04/03/2007, Domingo de la 2ª semana de Cuaresma
Génesis 15, 5-12. 17-18, Sal 26, 1. 7-8a. 8b-9abc. 13-14, Filipenses 3, 17-4, 1, san Lucas 9, 28b-36

En pleno tiempo Cuaresmal las lecturas de este domingo suponen como un pequeño descanso. Es un remanso que se nos ofrece para animarnos en la subida Cuaresmal. De alguna manera se nos dice que el final ya está cerca y que, por ello, no hay que desfallecer. Lo que Jesús hizo con sus apóstoles lo hace también con nosotros. Cuando subimos una montaña, de vez en cuando, nos gusta pararnos y mirar lo que ya hemos recorrido. También nuestra vista se dirige hacia lo alto para calcular lo que queda. Se descansa un poco, se toman fuerzas pero, sobretodo, se percibe el itinerario realizado y lo que aún nos queda. Al mirar atrás sentimos la alegría de lo recorrido. Al contemplar la cima que debemos atacar nos persuadimos de que aún no está hecho todo.

Las tres lecturas tienen una misma enseñanza: invitan a la esperanza. Dios muestra a Abrahán las innumerables estrellas y le anuncia que así será su descendencia; san Pablo nos recuerda que somos ciudadanos del cielo y Jesús se transfigura ante sus apóstoles para anticiparles la resurrección.

Desde el Antiguo Testamento la estructura de la Alianza que Dios establece con su pueblo guarda una estructura semejante. Dios hace una promesa y suele mostrar un signo. Al mismo tiempo establece un mandato. Porque nos fiamos de Dios, y sus signos nos sirve de garantía, es como una confirmación de su palabra, nos sentimos más dispuestos a ejecutar lo que nos pide que, en definitiva, no es más que caminar en su presencia.

Meditando estas lecturas caigo en la cuenta de que en nuestra vida, individual y comunitaria, hay muchos remansos como el de la transfiguración. Las almas reciben consuelos y los que trabajan en el apostolado pueden, de vez en cuando, saborear los resultados de su entrega. Bien digerido todo ello nos impulsa a seguir adelante. No se pueden hacer cabañas estables cuando se está de camino. Por eso hay que bajar del monte y volver al trabajo. En este caso se nos invita a no abandonar las prácticas cuaresmales.

Si pensamos en el antiguo Israel y en su travesía hacia la Tierra Prometida, que es imagen de nuestra Cuaresma, nos damos cuenta de que la penitencia, la soledad para buscar a Dios y el despojarnos de nosotros mismos y de lo que nos impide la santidad, es fatigoso y no está exento de muchas tentaciones.

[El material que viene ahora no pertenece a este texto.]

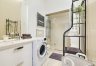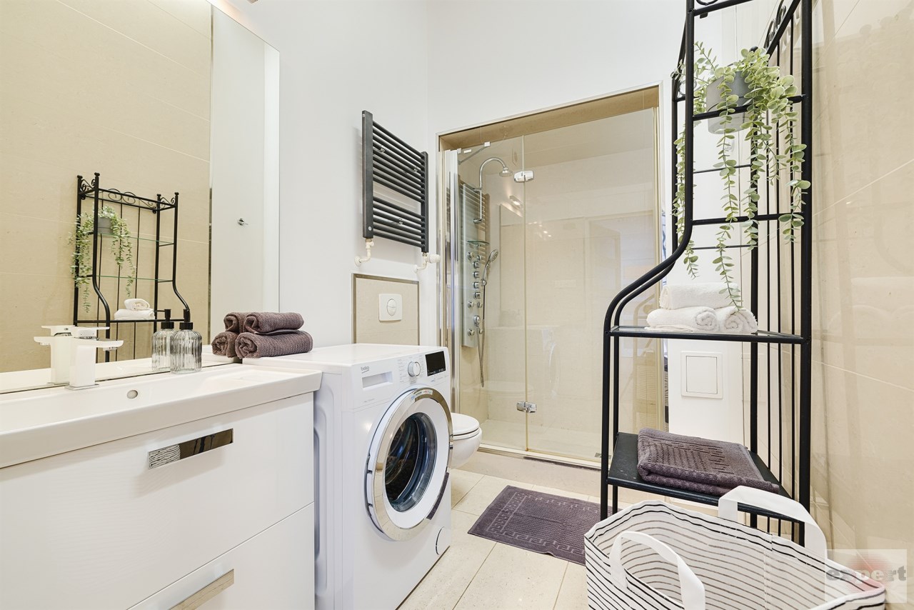 Łazienka: duża kabina natryskowa, pralka, umywalka z szafką, lustro, regał.

Quizás una de los aspectos más pedagógicos de la Cuaresma sea su duración. Una espera prolongada, lo mismo que un ejercicio que se alarga en el tiempo, indica fidelidad y es señal de verdadera esperanza. Hay personas capaces de un gran sacrificio un día. Esporádicamente podemos quedarnos sin comer o hacer una gran limosna. Pero perseverar cada día en un propósito, que además es respuesta a una llamada a la conversión, resulta mucho más complicado. El Señor lo sabe y no deja de otorgarnos pequeños consuelos para que no desfallezcamos. Hay que saber reconocerlos. Son como esos momentos de avituallamiento que vemos en las vueltas ciclistas. Pequeños oasis en el desierto. Dios también lo quiere así porque no es un camino que nosotros hacemos solos sino que, en todo, vamos con Él.